### Source data
--- START ---

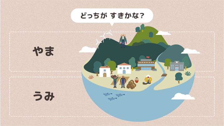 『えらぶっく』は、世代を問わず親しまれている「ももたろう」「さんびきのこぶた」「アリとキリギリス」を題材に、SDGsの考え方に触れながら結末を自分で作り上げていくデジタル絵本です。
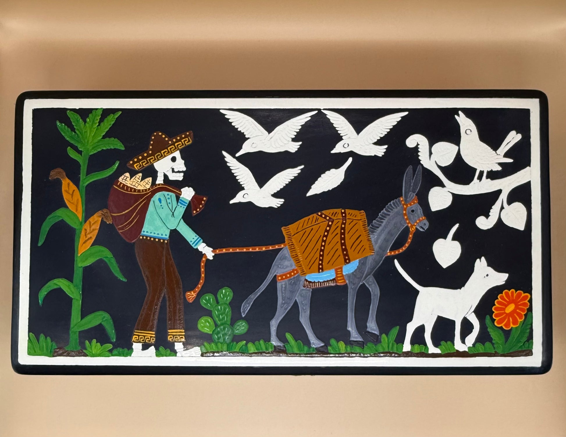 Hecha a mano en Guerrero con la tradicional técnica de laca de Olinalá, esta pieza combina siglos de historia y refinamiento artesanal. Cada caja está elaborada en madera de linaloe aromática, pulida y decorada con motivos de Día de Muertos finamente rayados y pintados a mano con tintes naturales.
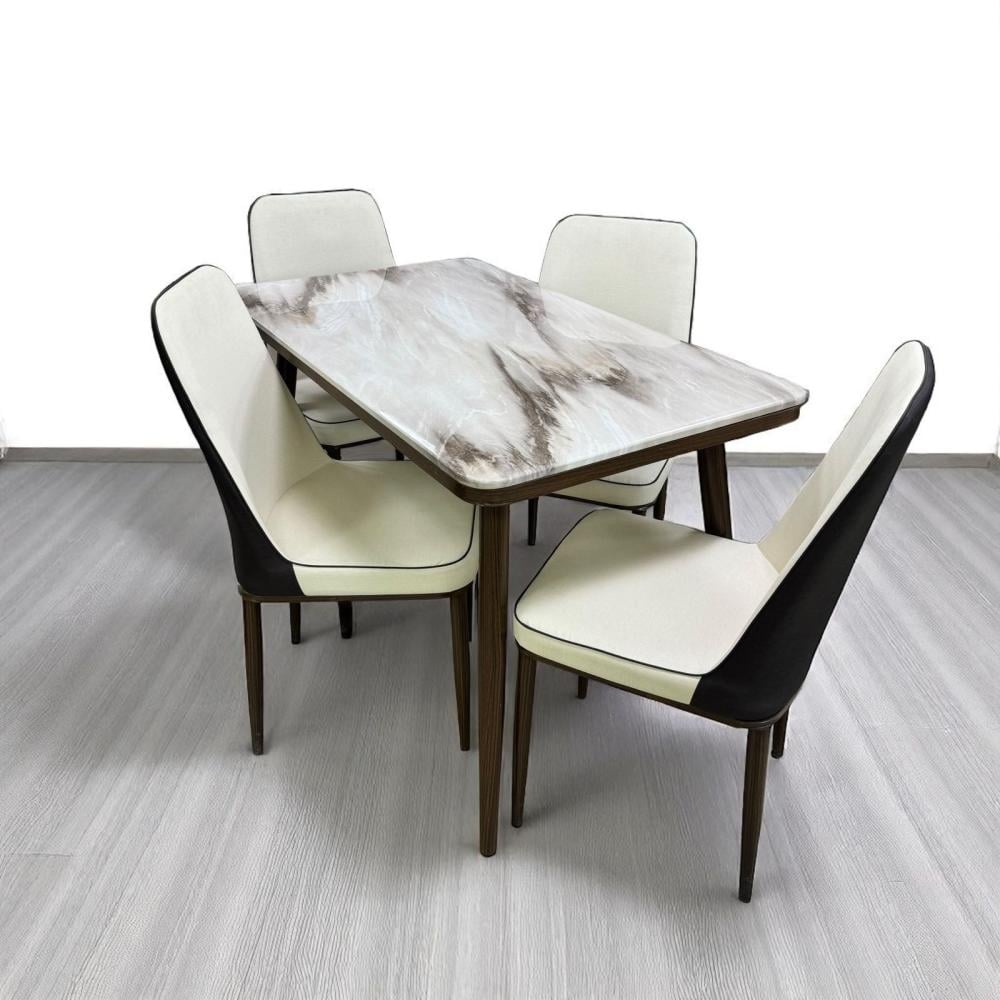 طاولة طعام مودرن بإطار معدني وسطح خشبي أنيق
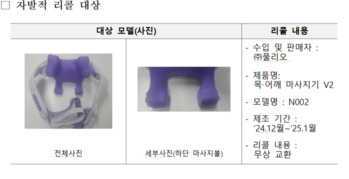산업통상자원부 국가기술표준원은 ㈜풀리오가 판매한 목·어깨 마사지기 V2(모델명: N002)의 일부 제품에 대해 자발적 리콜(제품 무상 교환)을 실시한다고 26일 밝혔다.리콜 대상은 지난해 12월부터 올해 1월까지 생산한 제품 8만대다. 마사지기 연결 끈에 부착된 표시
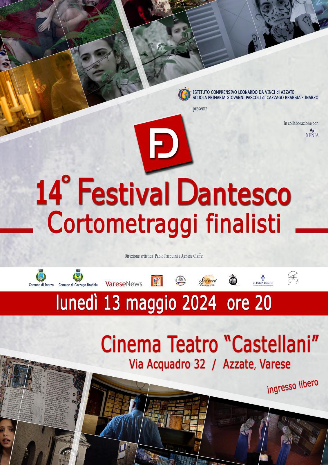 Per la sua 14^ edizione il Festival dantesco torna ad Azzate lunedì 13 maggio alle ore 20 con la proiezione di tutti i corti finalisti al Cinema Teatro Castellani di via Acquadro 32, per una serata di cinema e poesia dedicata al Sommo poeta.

--- END ---
--- START ---

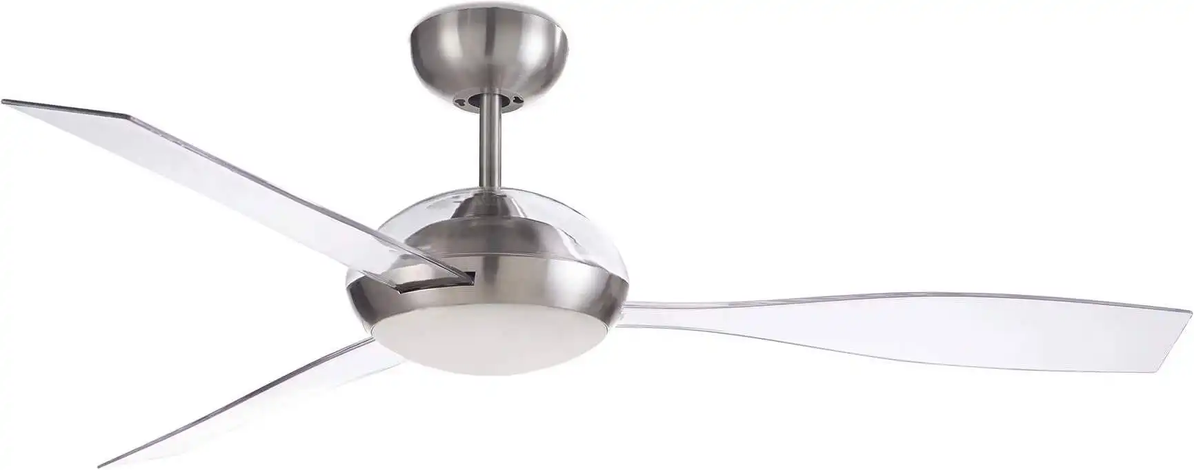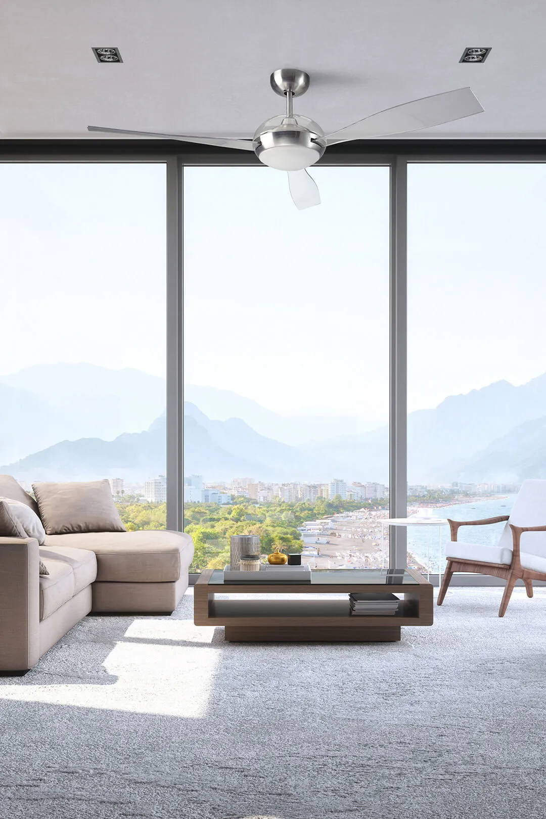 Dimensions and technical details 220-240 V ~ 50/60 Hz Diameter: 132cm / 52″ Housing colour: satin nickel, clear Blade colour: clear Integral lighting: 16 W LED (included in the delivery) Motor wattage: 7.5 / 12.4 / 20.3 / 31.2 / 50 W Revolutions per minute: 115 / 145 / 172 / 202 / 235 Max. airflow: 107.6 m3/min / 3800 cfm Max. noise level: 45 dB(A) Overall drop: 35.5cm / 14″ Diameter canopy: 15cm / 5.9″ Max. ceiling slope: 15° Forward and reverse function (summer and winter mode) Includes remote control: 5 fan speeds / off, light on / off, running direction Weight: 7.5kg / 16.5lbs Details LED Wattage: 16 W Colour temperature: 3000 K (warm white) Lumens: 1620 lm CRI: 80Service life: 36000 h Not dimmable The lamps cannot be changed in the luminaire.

--- END ---

### Directions
Beginning with the line that contains "산업통상자원부 국가기술표준원은 ㈜풀리오가" and ending with the line that contains "Per la sua 14^", reproduce the listing exactly, pictures excluded.

### Answer to the problem
산업통상자원부 국가기술표준원은 ㈜풀리오가 판매한 목·어깨 마사지기 V2(모델명: N002)의 일부 제품에 대해 자발적 리콜(제품 무상 교환)을 실시한다고 26일 밝혔다.리콜 대상은 지난해 12월부터 올해 1월까지 생산한 제품 8만대다. 마사지기 연결 끈에 부착된 표시
 Per la sua 14^ edizione il Festival dantesco torna ad Azzate lunedì 13 maggio alle ore 20 con la proiezione di tutti i corti finalisti al Cinema Teatro Castellani di via Acquadro 32, per una serata di cinema e poesia dedicata al Sommo poeta.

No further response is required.